Phosphatidylinositol 3-phosphate-interacting domains in PIKfyve. Binding specificity and role in PIKfyve. Endomenbrane localization.

PIKfyve is a phosphatidylinositol (PtdIns) 3-phosphate (P)-metabolizing enzyme, which, in addition to a C-terminally positioned catalytic domain, harbors several evolutionarily conserved domains, including a FYVE finger. The FYVE finger domains are thought to direct the protein localization to intracellular membrane PtdIns 3-P. Recent studies with several FYVE domain proteins challenge this general concept. Here we have examined the binding of PIKfyve's FYVE domain to PtdIns 3-P in vitro and in vivo and a plausible contribution of this binding mechanism for the intracellular localization of the full-length protein. We document now a specific and high affinity interaction of a recombinantly produced PIKfyve FYVE domain peptide fragment with PtdIns 3-P-containing liposomes that requires the presence of the conservative core of basic residues within the FYVE domain. PIKfyve localization to membranes of the late endocytic pathway was found to be absolutely dependent on the presence of an intact FYVE finger. Cell treatment with PI 3-kinase inhibitor wortmannin dissociated endosome-bound PIKfyve, indicating that the protein targeted the membrane PtdIns 3-P. An enzymatically inactive peptide fragment of the PIKfyve catalytic domain was found to also specifically bind to PtdIns 3-P-containing liposomes, with residue Lys-1999 being critical in the interaction.

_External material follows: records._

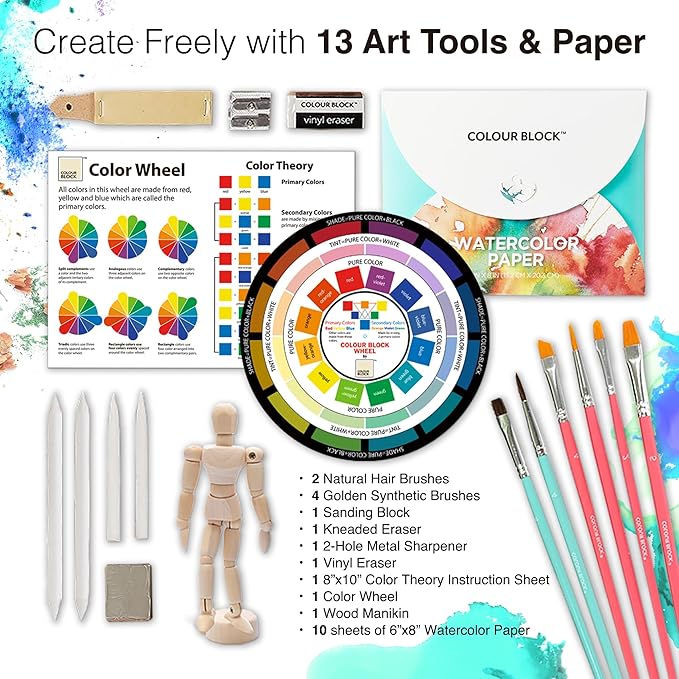 - Complete with handy art tools: sanding block, blending stumps, kneaded eraser, vinyl eraser, 2-hole pencil sharpener, 10 sheets of 6” x 8” watercolor paper, 4 golden synthetic brushes, and 2 natural hair brushes. bonus educational inspiration with a 5 ½” wood manikin, a color wheel that teaches mixing and definitions, and a color theory sheet in 3 languages.
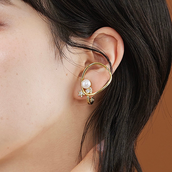 安定感のあるイヤーカフというコンセプトで造られたイヤリングカフは、お耳の付けたい箇所に自由な発想で着用することができます。
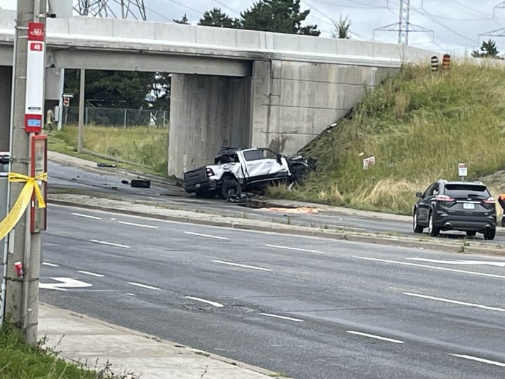 Toronto police said that just after 2 p.m. a pickup truck crashed into a bridge around Dixon Road and Martin Grove Road.
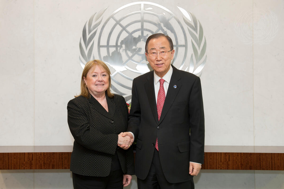 Susan Malcorra (left), outgoing Chef de Cabinet to the Secretary-General, pays a farewell call on Secretary-General Ban Ki-moon.
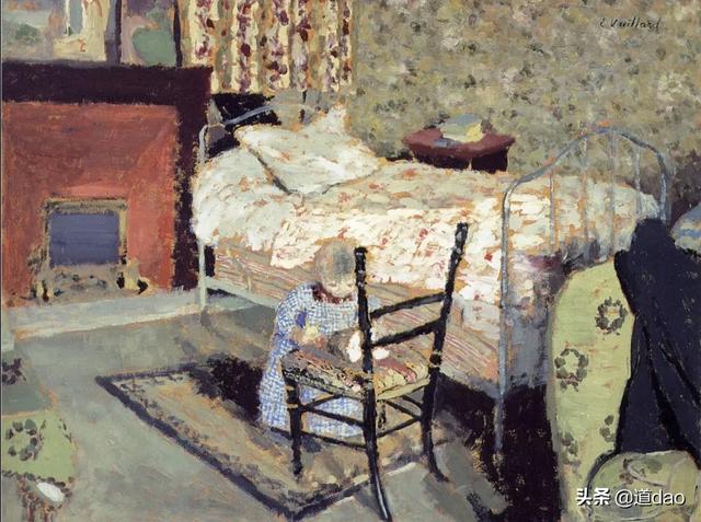 同时,艺术家又用丰富的马赛克,处理画作的细节,他使用中性色彩的朴素区域和苍白的光相互作用于一个亲密的场景,营造出一种温馨神秘的气氛,如通过百叶窗产生的图案为窗下弯身静静缝纫的人物提供了一种生动的感觉。总体而言,维亚尔的油画画风富于美感、高度图案化、装饰性。
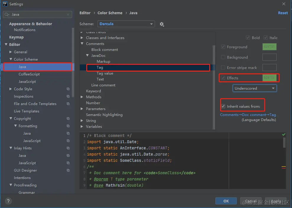 •具体操作:Settings --> Editor --> Color Scheme --> Java --> Comments --> Java doc --> Tag --> 先取消勾选Inherit values from,再取消勾选Effects
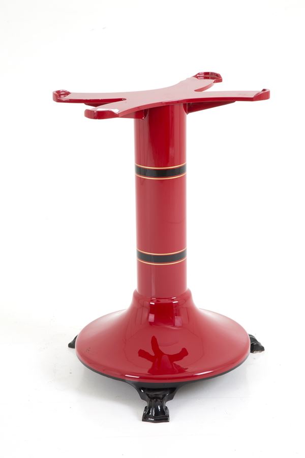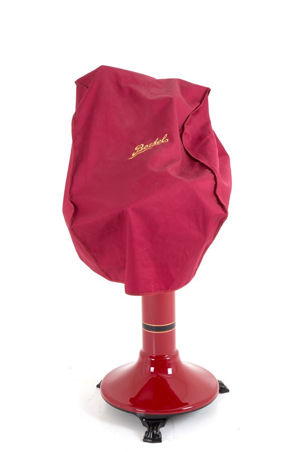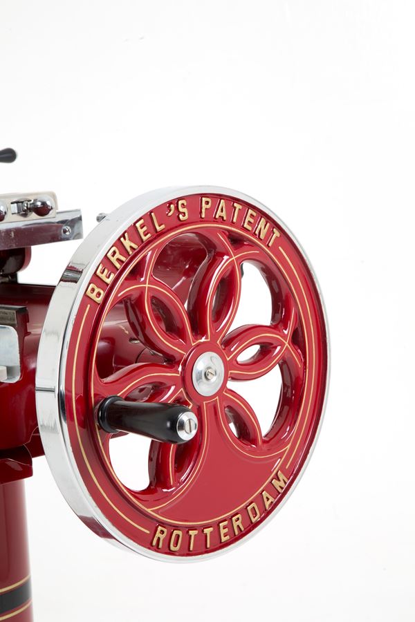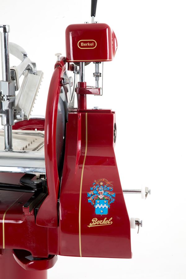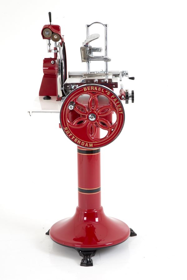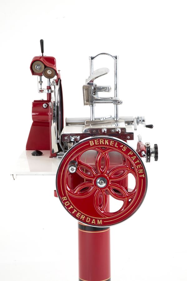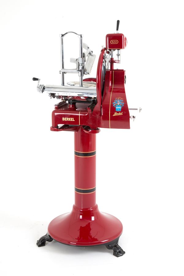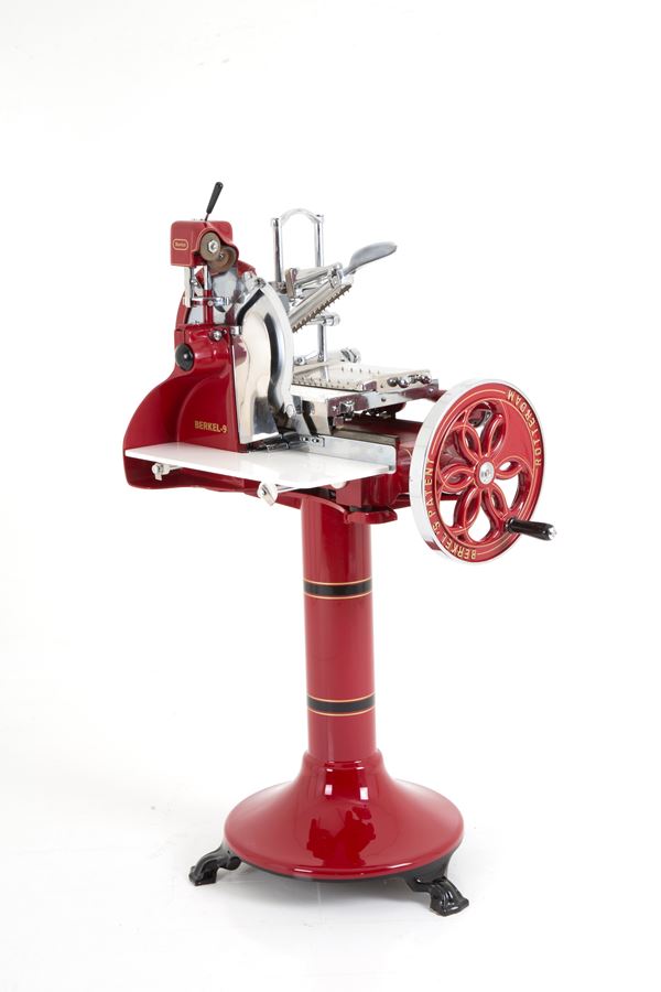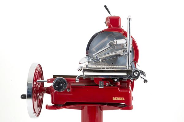 Affettatrice a volano rossa con piedistallo. Lama in acciaio cromato diam. 32 cm ca. BERKEL. Con fodera originale. Lievi segni di usura del tempo.
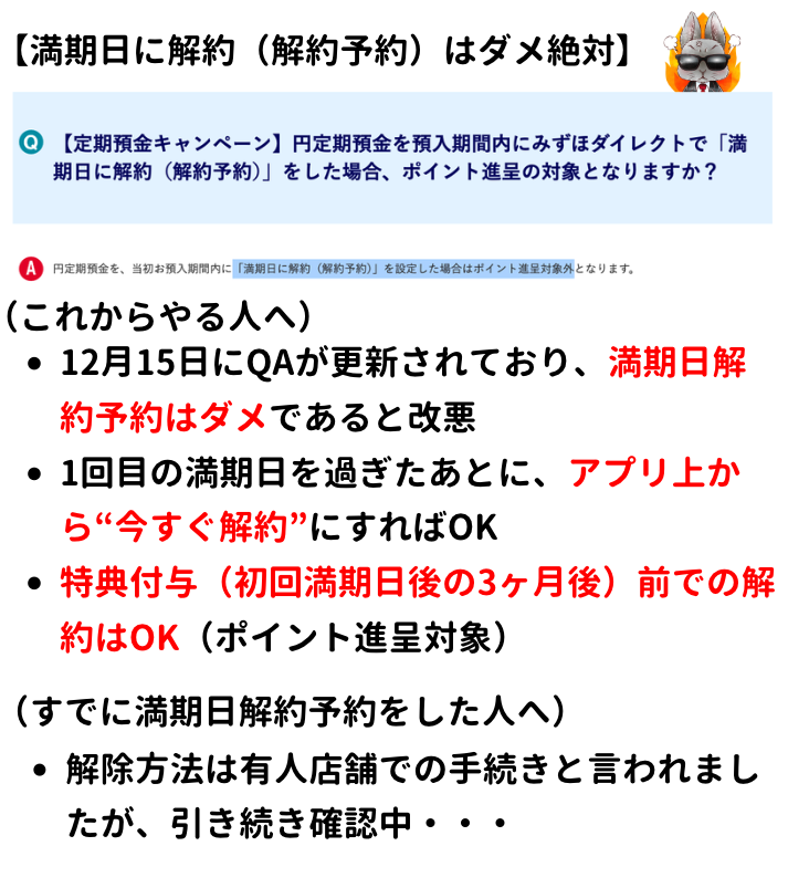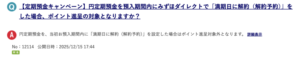 その内容を見ると、「満期日に解約(解約予約)」をした場合には、ポイント対象外になってしまうことが追記されております(2025年12月15日17:44)
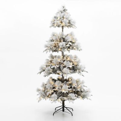 LuxenHome 7.5 ft. Pre-Lit Flocked Slender Artificial Pine Christmas Tree
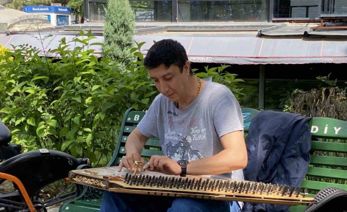 Eskişehir’de bayram tatilinde ’kanun’ isimli enstrümanıyla vatandaşları sokak sanatı ile buluşturan bir müzisyen ilgi çekti.
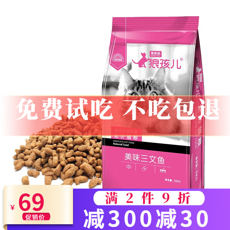 狼孩儿猫粮10kg幼猫粮成猫粮20kg公斤装室内家猫猫流浪英短美短加菲猫波斯折耳猫粮5kg 10kg(美味三文鱼20斤装)
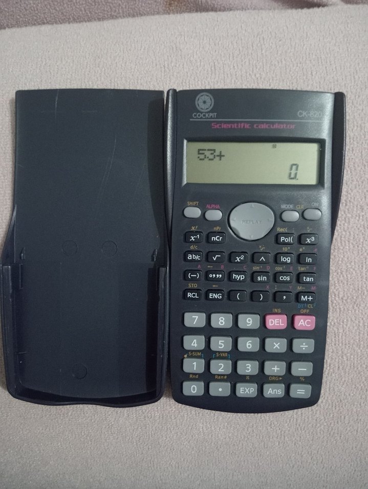 Cockpit CK-200 bilimsel hesap makinesi koyu gri renkli, koruyucu kapaklı ve 53+ gibi işlemleri gösteren net ekrana sahip. #bilimsel hesap makinası

This binding, however, was of relatively low affinity and, in the cellular context, was found ineffective in directing the molecule to PtdIns 3-P-enriched endosomes. Collectively, these results demonstrate that interaction of the FYVE domain with PtdIns 3-P is absolutely necessary for PIKfyve targeting to the membranes of the late endocytic pathway and determine PIKfyve as a downstream effector of PtdIns 3-P.